(Data segment begins)
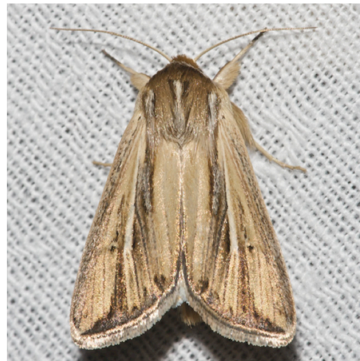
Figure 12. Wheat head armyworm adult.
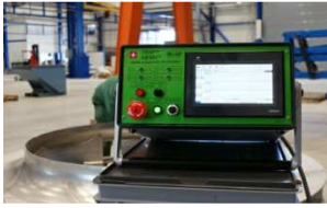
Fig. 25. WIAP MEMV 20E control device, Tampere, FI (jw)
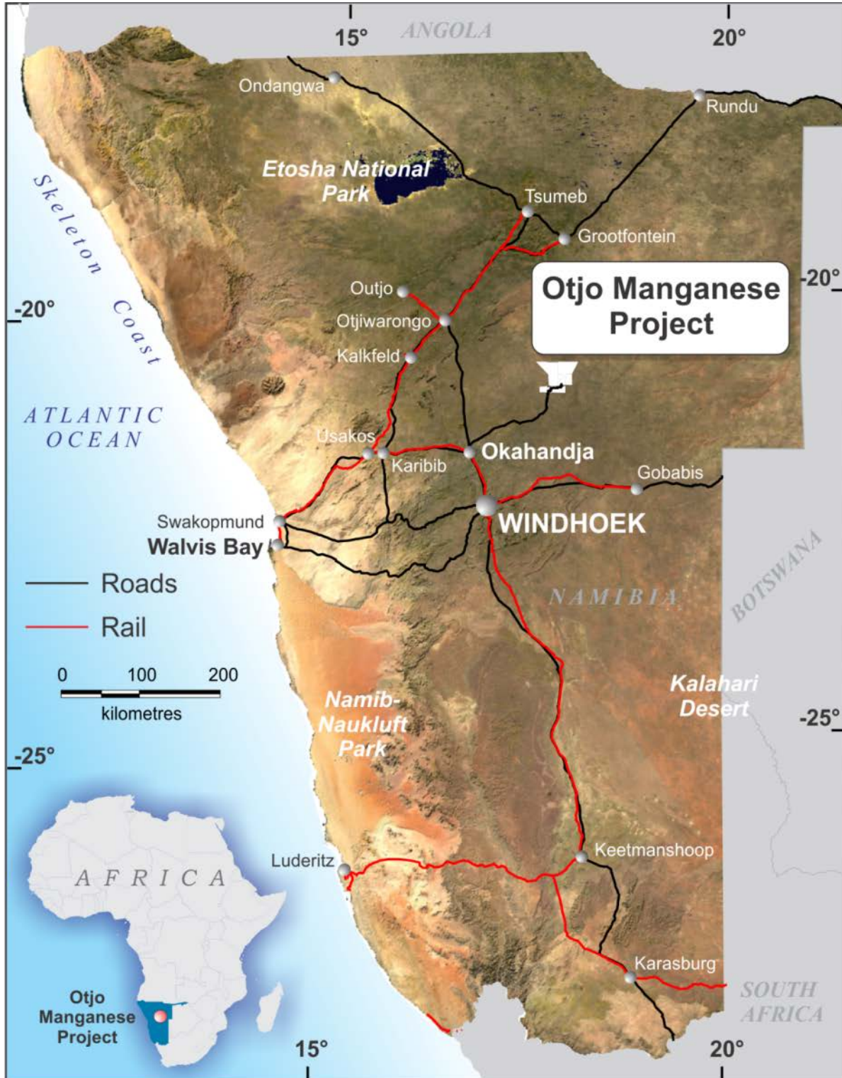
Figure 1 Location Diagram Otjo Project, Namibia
(Data segment ends)
Work request
Print verbatim every line above, apart from the pictures.

Result below
Figure 12. Wheat head armyworm adult.
Fig. 25. WIAP MEMV 20E control device, Tampere, FI (jw)
Figure 1 Location Diagram Otjo Project, Namibia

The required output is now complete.